For crypto investors, this is no longer a speculative AI narrative — it is the foundation of a new infrastructure thesis. Tokens tied to real, scalable, decentralized alternatives to centralized cloud stacks are about to enter a bull phase:
- RNDR (Render Network): Decentralized GPU rendering is gaining traction as enterprises seek to avoid NVIDIA’s premium pricing. If Apple pays $2,000 more for a Vision Pro due to memory scarcity, will they pay $200 less for decentralized AI compute?
- FET (Fetch.ai) & TAO (Bittensor): The AI brain needs memory to function. If centralized nodes become too expensive, decentralized inference networks become the only scalable alternative.
- AKT (Akash Network): Decentralized cloud computing — exactly what companies will need when Oracle and AWS hit their memory wall.

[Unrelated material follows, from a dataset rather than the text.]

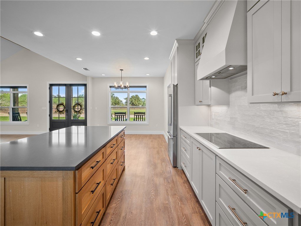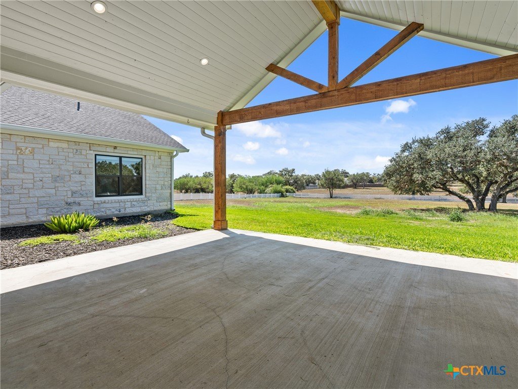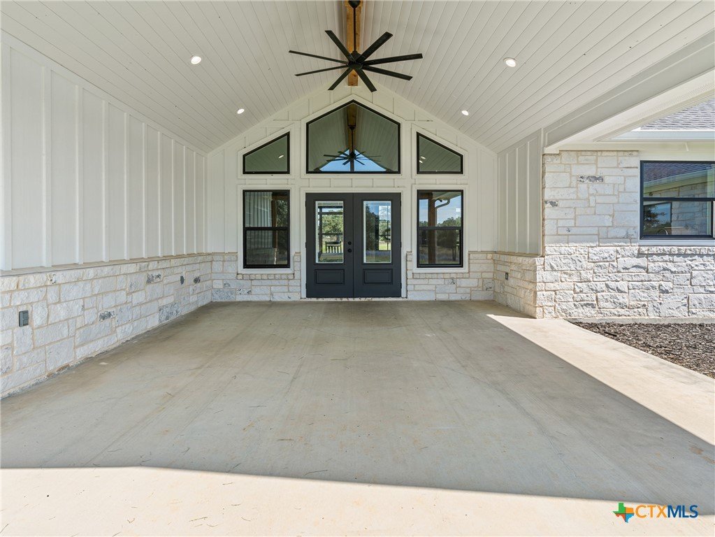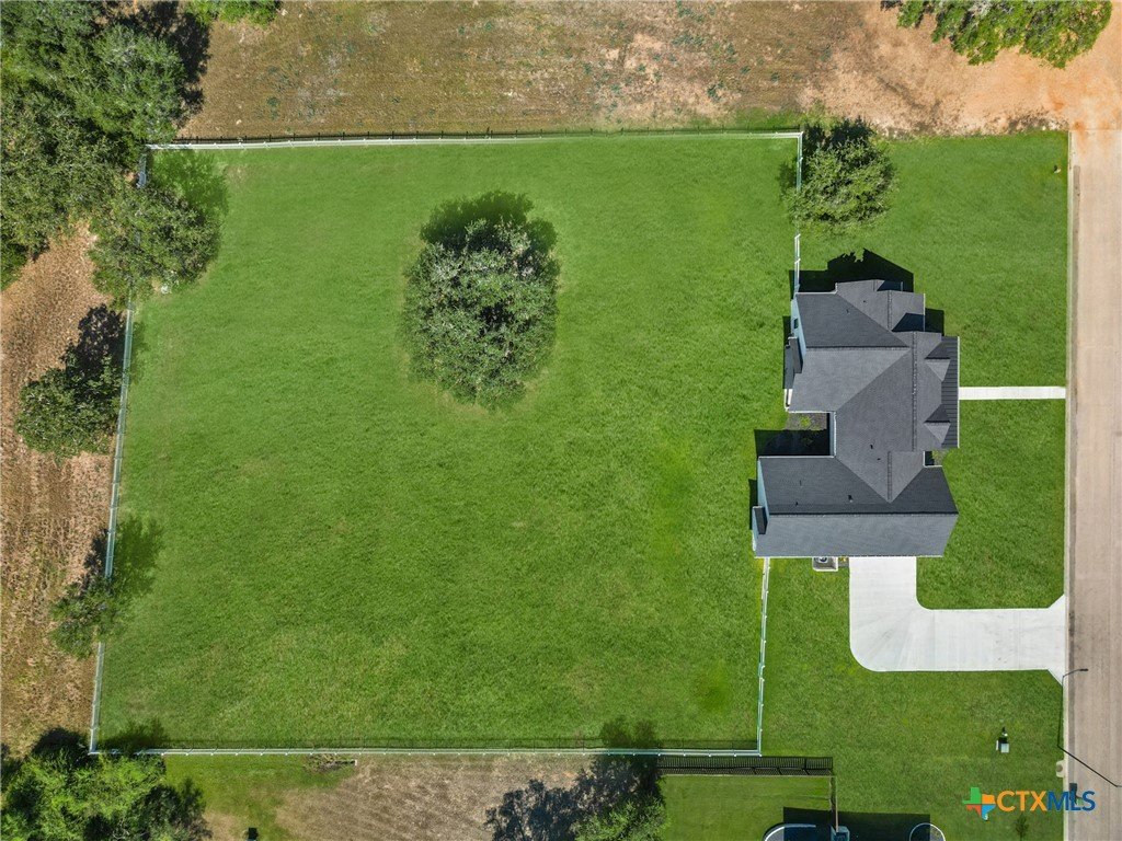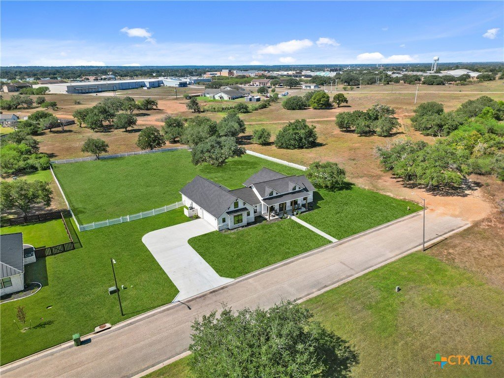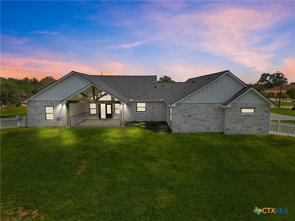 Luxury Living in Pebble Ridge – Double Lot with Oaks & Country Views. Immaculate board and batten & cream limestone home on a rare double lot, surrounded by stately live oaks and peaceful country views. Located on a quiet dead-end road with no neighbors across and city property behind, this property offers unmatched privacy and charm. White picket fencing, mature trees, and a welcoming covered porch create stunning curb appeal. Inside, soaring 10’ ceilings, French doors, and custom finishes elevate every space. The chef’s kitchen boasts Bosch & LG stainless appliances, quartz countertops, custom cabinetry, open shelving, vented hood, and a designer backsplash. Spacious Butler pantry with ample storage. The owner’s suite is a true retreat with spa-like bath featuring a freestanding tub, walk-in shower, double vanity, and expansive closet. Secondary bedrooms enjoy a Jack & Jill bath with upscale finishes. Additional highlights include an office nook, mudroom, ½ bath, Norman window coverings, and a 2-car side-entry garage. City utilities, trash service, and just 2 miles from schools.

- FIL (Filecoin): Storage is the other half of the memory equation. With NAND prices soaring, decentralized storage firms are underleveraged gems.
Meanwhile, Bitcoin miners holding older ASICs face no direct pressure — but those building AI co-location facilities or GPU farms do. This is where crypto’s bifurcation deepens: the miners of the future are not just hashing — they’re hosting.
This isn’t a market correction. It’s a structural realignment. The legacy tech giants are being forced to monetize reality. And in that chaos lies a once-in-a-decade opportunity for crypto infrastructure playmakers. The AI revolution isn’t just in the code — it’s in the silicon. Those who bet on decentralized alternatives to Micron, NVIDIA, and Apple won’t just survive the next five years — they’ll dominate them.
The memory wars have begun. And the winners won’t be the ones making the most gadgets — they’ll be the ones building the most resilient supply chains.